Confirmation of Old Theory Leads to Breakthrough in Understanding of Superconductors

Harvard scientists have created a bismuth-based, two-dimensional superconductor that is just one nanometer thick. By examining fluctuations in this material as it transitions into superconductivity, the scientists gained insight into the processes that induce superconductivity more generally. (See graph above of Resistivity as a function of temperature for devices of a different thickness--courtesy of Argonne National Laboratory).

The Harvard scientists experimentally confirmed a 23-year-old theory about superconductors developed by scientist Valerii Vinokur from the U.S. Department of Energy's (DOE) Argonne National Laboratory.

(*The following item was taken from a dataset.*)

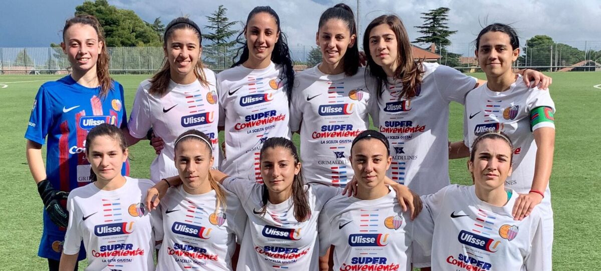 Catania-Fesca Bari 1-0: le rossazzurre conquistano un successo sofferto ma ampiamente meritato al termine di un combattuto scontro diretto in chiave salvezza, nel girone C del campionato femminile Serie C 2021/22. Il debutto tra le mura amiche in questo torneo coincide con la prima vittoria stagionale, firmata da Beatrice Vitale: in avvio di ripresa, l’attaccante si coordina al meglio sull’assist della Mangiameli e con una splendida torsione spedisce di testa il pallone all’incrocio dei pali, siglando la rete decisiva. L’allenatore etneo Peppe Scuto commenta: “Partita molto difficile, venivamo da una batosta e non era semplice risollevarsi. Siamo partiti con un 3-4-3 molto offensivo e in corso d’opera siamo passati al 3-5-2; nel primo tempo siamo stati più intraprendenti dell’avversario ma non abbiamo approfittato della superiorità numerica dopo l’espulsione della Trotta per fallo sulla Vitale lanciata a rete. Nella ripresa, dopo il nostro vantaggio, le pugliesi hanno reagito ma anche noi abbiamo creato nuovamente i presupposti per segnare, sbagliando qualcosa in fase di finalizzazione. Dopo tre partite, la squadra è stata finalmente più compatta e non abbiamo subito gol. Stiamo crescendo ed è molto importante, considerando che la nostra è probabilmente la formazione più giovane in Italia: basti pensare che la nostra atleta più grande è nata nel 2001, come la loro calciatrice più giovane, e la nostra Kimberly Mangiameli, classe 2007, è stata probabilmente la migliore in campo. Con la società, abbiamo scelto la “linea verde” valorizzando le giovani della Sicilia orientale. C’è soddisfazione per questa vittoria, complimenti alle nostre ragazze e adesso pensiamo alla prossima gara, a Napoli: sarà un altro scontro diretto per la permanenza in questa categoria”.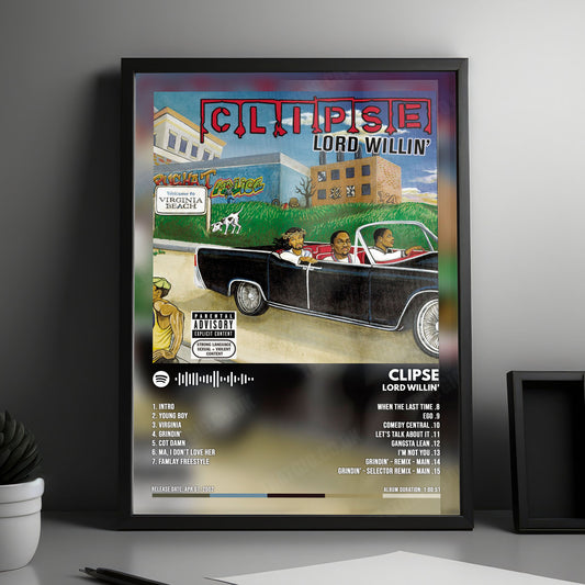 Clipse "Lord Willin'" Album Cover Poster - with Complete Tracklist

"Sometimes you discover something new and exotic, but sometimes you just confirm that you do, after all, understand the behavior of the every-day thing that is right in front of you." — Valerii Vinokur, Argonne Distinguished Fellow, Materials Science division.

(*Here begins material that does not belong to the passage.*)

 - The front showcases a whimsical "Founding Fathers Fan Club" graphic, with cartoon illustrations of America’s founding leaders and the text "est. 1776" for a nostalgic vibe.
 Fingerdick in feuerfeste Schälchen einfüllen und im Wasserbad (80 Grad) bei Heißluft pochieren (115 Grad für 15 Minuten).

One phenomenon of interest to researchers is the total reversal of the well-studied Hall effect when materials transition into superconductors.

When a regular, non-superconducting material carries an applied current and is exposed to a magnetic field, a voltage is induced across the material. This regular Hall effect has the voltage going in a specific direction depending on the orientation of the field and current.

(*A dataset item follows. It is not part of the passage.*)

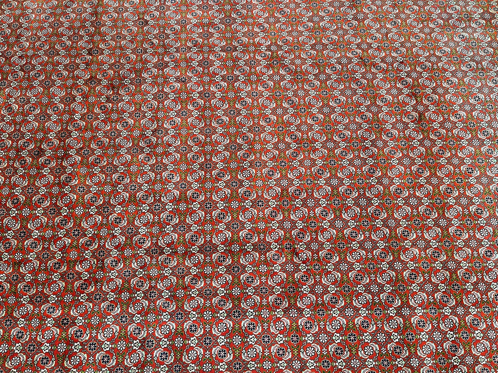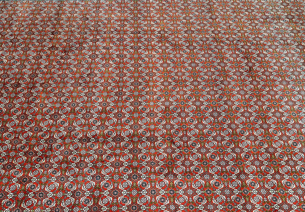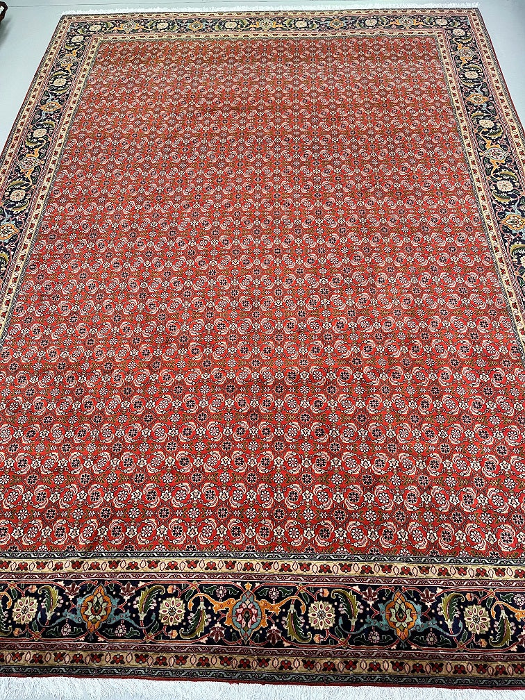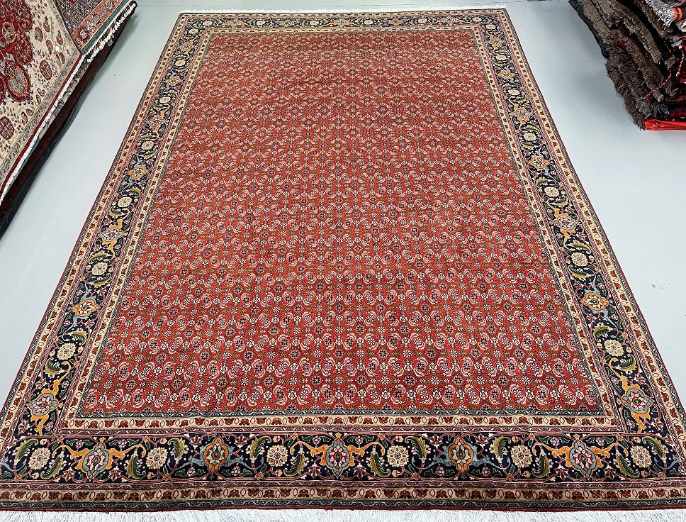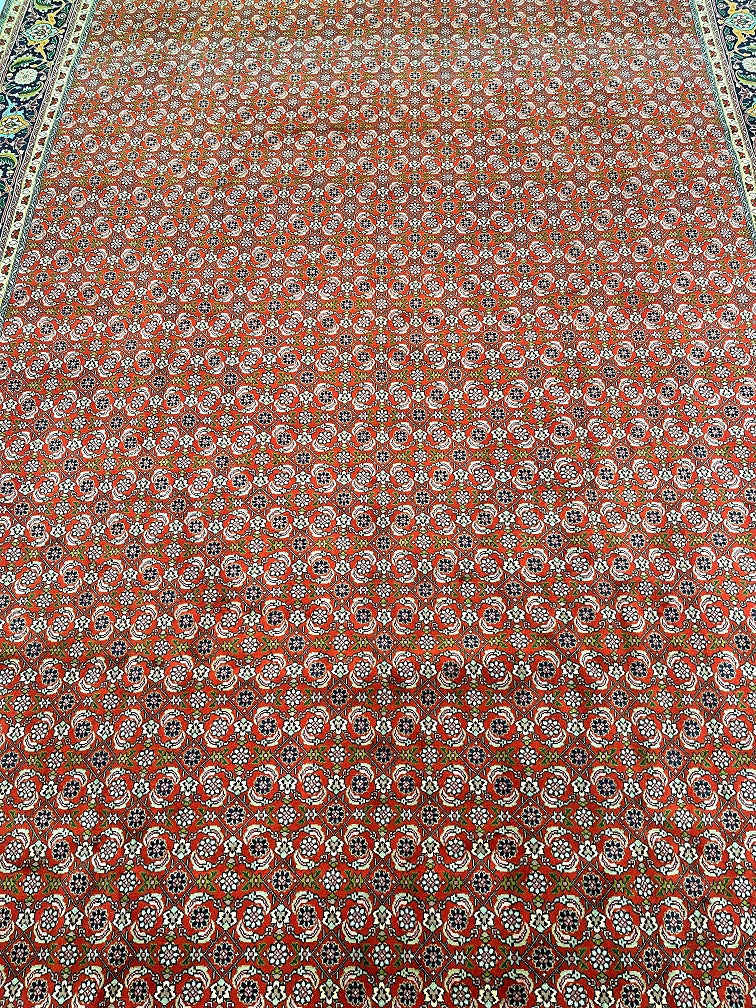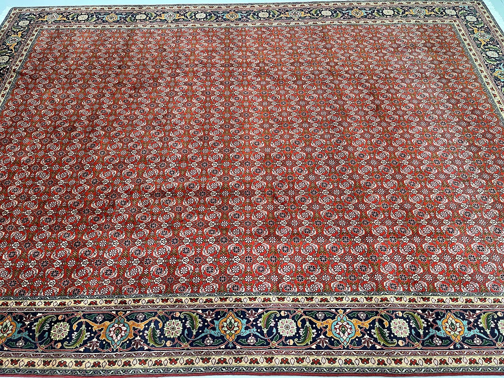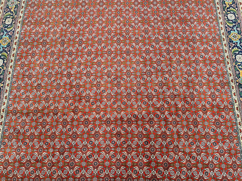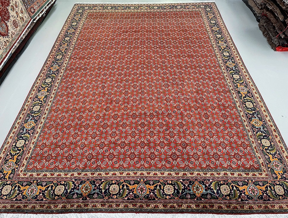Superb Large Room Size Authentic Persian Tabriz Carpet. Above All This Is A Well Knotted Piece With A High Density. It Also Has A Pure Wool Pile On Cotton Base. It Also Has A Terracotta/Orange, Beige, Green, Indigo Blue/Black, Burnt Orange And Pink Tone Dyed Using Traditional Methods.

When materials become superconductors, the sign of the Hall voltage reverses. So, the ​"positive" end of the material becomes the ​"negative." This is a well-known phenomenon. And the Hall effect has long been a significant tool used to study the types of electronic properties that make a material a good superconductor.

However, the cause of this reverse Hall effect has remained mysterious for decades, especially in high-temperature superconductors for which the effect is even stronger.

Optical image of Hall bar device

In 1996, theorist Vinokur, an Argonne Distinguished Fellow, and his collaborators presented a thorough description of this effect (and more) in high-temperature superconductors. The theory took into account all of the driving forces thought to be involved, and it included so many variables that testing it experimentally seemed unrealistic, until now.

"We believed we had really solved these problems," said Vinokur, ​"but the formulas felt useless at the time, because they included many parameters that were difficult to compare with experiments using the technology that existed then."

Scientists knew that the reverse Hall effect is the result of magnetic vortices that emerge when a superconducting material placed in a magnetic field.

Vortices are points of singularity in the liquid of superconducting electrons (Cooper pairs). Cooper pairs flow around these vortices, producing circulating superconducting micro-currents that yield novel features in the physics of the Hall effect in the material.

Ordinarily, the distribution of electrons in the material causes the Hall voltage.

However, in superconductors, vortices move under the applied current, which induces differences in electronic pressure that are mathematically similar to those that keep an airplane in flight.

These pressure differences change the course of the applied current in a way that is analogous to how the wings of an airplane change the course of the air passing by, uplifting the plane. The vortex motion redistributes electrons differently, reversing the direction of the Hall voltage.

The 1996 theory quantitatively details the effects of these vortices, which at the time had only been qualitatively explained. Now, with a novel material that took the Harvard scientists five years to develop, the theory was tested and confirmed.

The bismuth-based thin material is about just one atomic layer thick, making it basically two-dimensional. It is one of the only thin-film high-temperature superconductors that are known. Notably, the fabrication of the material alone is a breakthrough in superconductor science.

"By reducing the dimensions from three to two, the fluctuations of the properties in the material become much more apparent and easier to study," said Philip Kim, a lead scientist in the Harvard group. ​"We created an extreme form of the material that allowed us to quantitatively address the 1996 theory."

The theory predicts that the anomalous reverse Hall effect could exist outside of the temperatures at which the material is a superconductor. The study provided a quantitative description of the effect that entirely matched the theoretical predictions.

"Before we were sure of the role vortices play in the reverse Hall effect, we couldn't use it reliably as a measuring tool," said Vinokur. ​"Now that we know we were correct, we can use the theory to study other fluctuations in the transition phase, ultimately leading to better understanding of superconductors."

Although the material that they examined is two-dimensional, the researchers believe that the theory applies to all superconductors. They are planning future research that will include deeper study of the materials.

The behavior of the vortices is thought to even have application in mathematical research.

Vortices are objects with unique geometrical properties known as topological objects. They are currently a popular subject in mathematics because of the ways they form and deform and how they alter the a material's properties. The 1996 theories utilized topology in describing the behavior of the vortices, and these topological properties of matter could be significant in a lot of new physics.

"Sometimes you discover something new and exotic," said Vinokur about the research, ​"but sometimes you just confirm that you do, after all, understand the behavior of the every-day thing that is right in front of you."

The scientists described the results of the study in a paper titled, ​"Sign reversing Hall effect in atomically thin high-temperature superconductors," that was published on June 21 in Physical Review Letters.

The work was funded by Center for Emergent Superconductivity (an Energy Frontier Research Center), DOE's Office of Basic Energy Science, and multiple Strategic Partnership Project sponsors.